§ EXERCISE: Below are some records. Retype exactly the lines from the one containing "Tego jednak było" through the one containing "- We had to", both included, skipping every picture.

── DATA FOR THIS EXERCISE

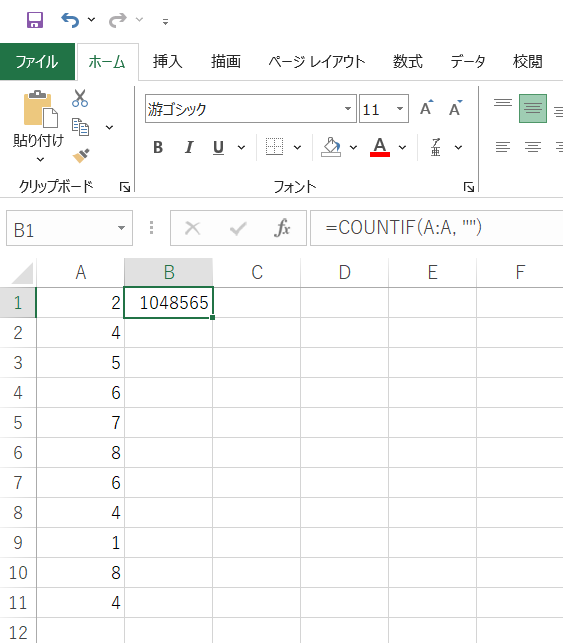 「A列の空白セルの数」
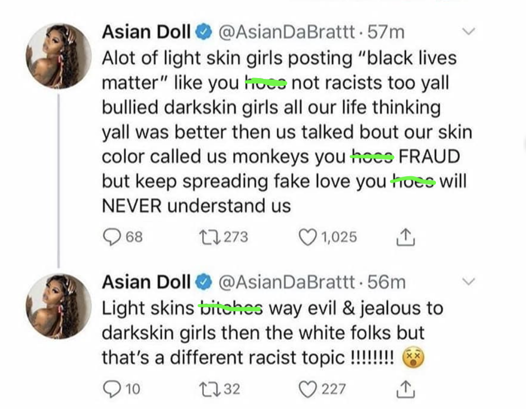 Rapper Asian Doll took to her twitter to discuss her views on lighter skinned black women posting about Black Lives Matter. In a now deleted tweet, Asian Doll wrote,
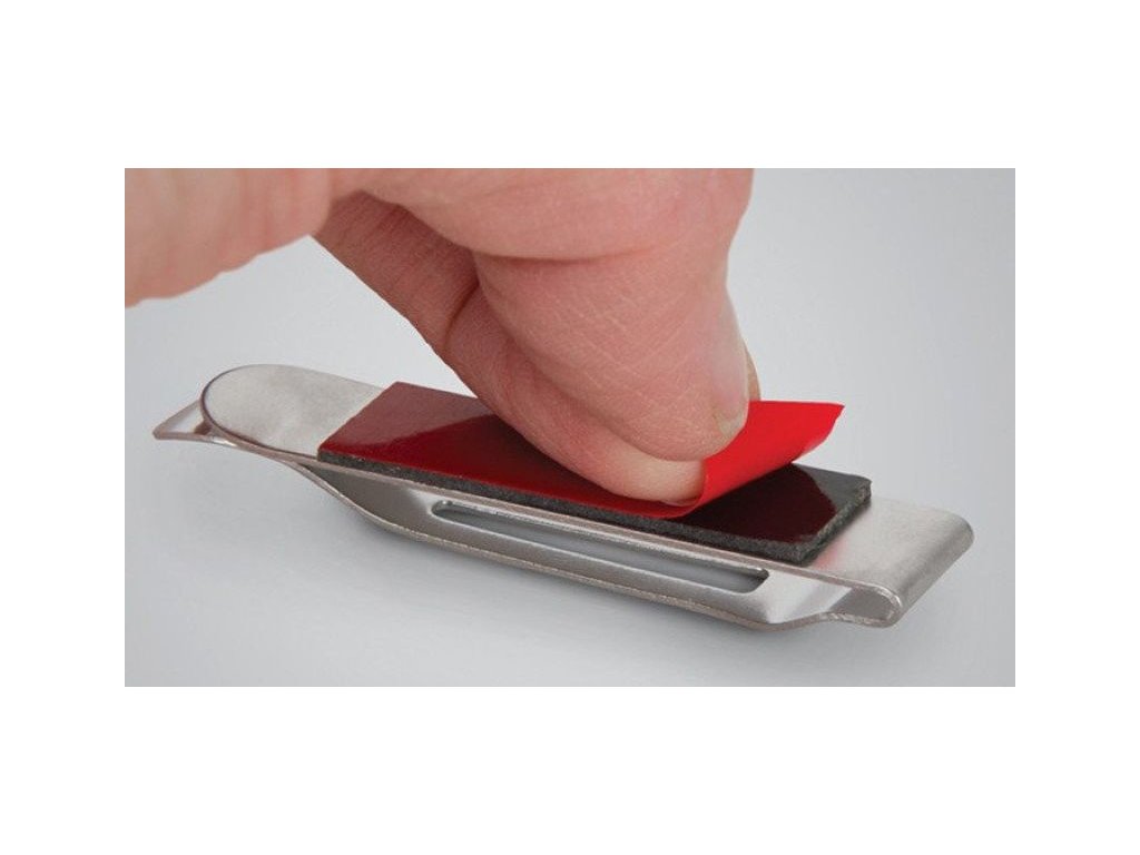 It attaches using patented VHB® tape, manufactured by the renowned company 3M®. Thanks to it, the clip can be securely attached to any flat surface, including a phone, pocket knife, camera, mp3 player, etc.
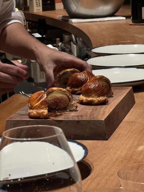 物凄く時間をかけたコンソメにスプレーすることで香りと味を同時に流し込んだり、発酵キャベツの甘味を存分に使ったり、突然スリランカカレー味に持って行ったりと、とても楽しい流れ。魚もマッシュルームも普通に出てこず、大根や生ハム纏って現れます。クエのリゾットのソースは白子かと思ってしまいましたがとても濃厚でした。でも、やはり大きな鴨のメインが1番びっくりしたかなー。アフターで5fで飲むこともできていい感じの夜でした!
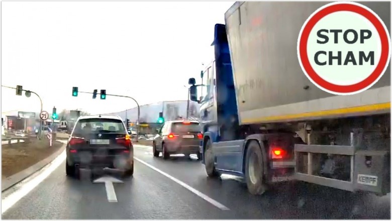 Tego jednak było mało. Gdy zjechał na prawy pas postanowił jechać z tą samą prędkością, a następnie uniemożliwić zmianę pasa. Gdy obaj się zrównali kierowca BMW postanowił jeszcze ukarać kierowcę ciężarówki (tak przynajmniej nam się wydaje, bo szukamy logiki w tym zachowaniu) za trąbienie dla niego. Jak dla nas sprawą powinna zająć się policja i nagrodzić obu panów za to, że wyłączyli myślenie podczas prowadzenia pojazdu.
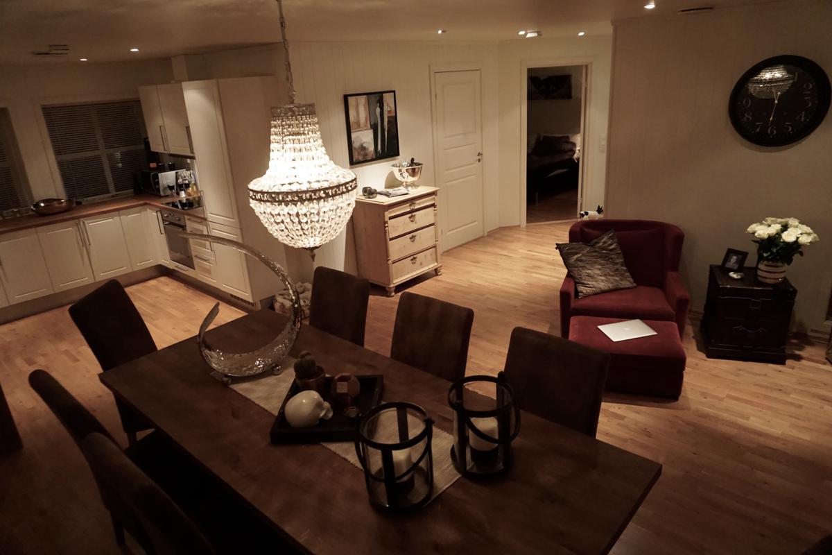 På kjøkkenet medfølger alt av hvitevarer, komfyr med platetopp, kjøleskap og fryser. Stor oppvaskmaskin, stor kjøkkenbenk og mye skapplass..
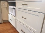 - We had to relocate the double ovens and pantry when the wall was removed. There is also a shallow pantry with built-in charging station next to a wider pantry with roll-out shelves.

────
── DATA FOR THIS EXERCISE

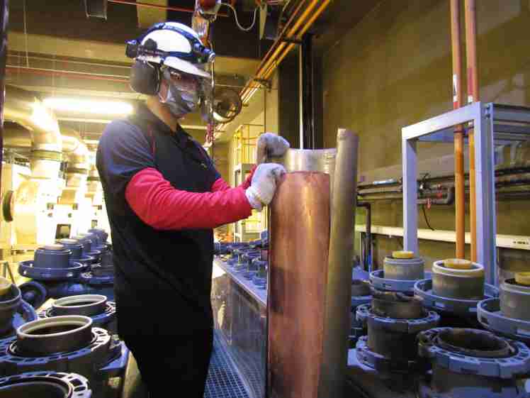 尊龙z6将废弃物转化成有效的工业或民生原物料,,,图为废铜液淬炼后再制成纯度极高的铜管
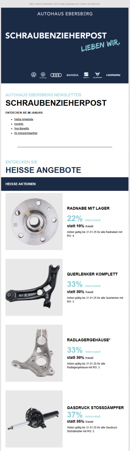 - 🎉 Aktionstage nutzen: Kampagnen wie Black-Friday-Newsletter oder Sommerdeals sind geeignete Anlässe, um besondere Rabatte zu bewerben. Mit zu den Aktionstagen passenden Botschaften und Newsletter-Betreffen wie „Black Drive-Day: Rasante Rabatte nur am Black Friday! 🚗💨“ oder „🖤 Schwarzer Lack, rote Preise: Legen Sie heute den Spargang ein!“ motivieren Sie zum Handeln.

────
── DATA FOR THIS EXERCISE

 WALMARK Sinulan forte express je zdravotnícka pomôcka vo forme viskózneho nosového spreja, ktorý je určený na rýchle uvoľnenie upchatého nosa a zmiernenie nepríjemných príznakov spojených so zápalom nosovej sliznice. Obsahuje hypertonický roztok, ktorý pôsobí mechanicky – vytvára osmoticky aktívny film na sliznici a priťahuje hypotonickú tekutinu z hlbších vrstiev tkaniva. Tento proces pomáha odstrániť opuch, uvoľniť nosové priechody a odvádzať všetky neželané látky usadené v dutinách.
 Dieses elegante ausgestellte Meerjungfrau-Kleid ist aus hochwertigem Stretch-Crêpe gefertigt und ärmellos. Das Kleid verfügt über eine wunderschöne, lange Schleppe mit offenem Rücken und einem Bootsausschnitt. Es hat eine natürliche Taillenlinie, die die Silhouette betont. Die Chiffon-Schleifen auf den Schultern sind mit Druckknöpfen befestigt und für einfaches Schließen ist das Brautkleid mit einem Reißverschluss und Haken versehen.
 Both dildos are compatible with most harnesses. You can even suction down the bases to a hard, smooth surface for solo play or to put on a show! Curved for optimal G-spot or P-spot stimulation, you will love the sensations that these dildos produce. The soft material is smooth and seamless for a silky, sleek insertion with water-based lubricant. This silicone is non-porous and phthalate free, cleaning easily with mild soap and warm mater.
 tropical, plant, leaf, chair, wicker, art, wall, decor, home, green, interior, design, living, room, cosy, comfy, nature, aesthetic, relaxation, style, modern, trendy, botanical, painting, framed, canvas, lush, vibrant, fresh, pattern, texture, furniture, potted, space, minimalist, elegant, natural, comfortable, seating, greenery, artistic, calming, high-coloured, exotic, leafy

────

§ RESULT FOR THIS TASK:
 Tego jednak było mało. Gdy zjechał na prawy pas postanowił jechać z tą samą prędkością, a następnie uniemożliwić zmianę pasa. Gdy obaj się zrównali kierowca BMW postanowił jeszcze ukarać kierowcę ciężarówki (tak przynajmniej nam się wydaje, bo szukamy logiki w tym zachowaniu) za trąbienie dla niego. Jak dla nas sprawą powinna zająć się policja i nagrodzić obu panów za to, że wyłączyli myślenie podczas prowadzenia pojazdu.
 På kjøkkenet medfølger alt av hvitevarer, komfyr med platetopp, kjøleskap og fryser. Stor oppvaskmaskin, stor kjøkkenbenk og mye skapplass..
 - We had to relocate the double ovens and pantry when the wall was removed. There is also a shallow pantry with built-in charging station next to a wider pantry with roll-out shelves.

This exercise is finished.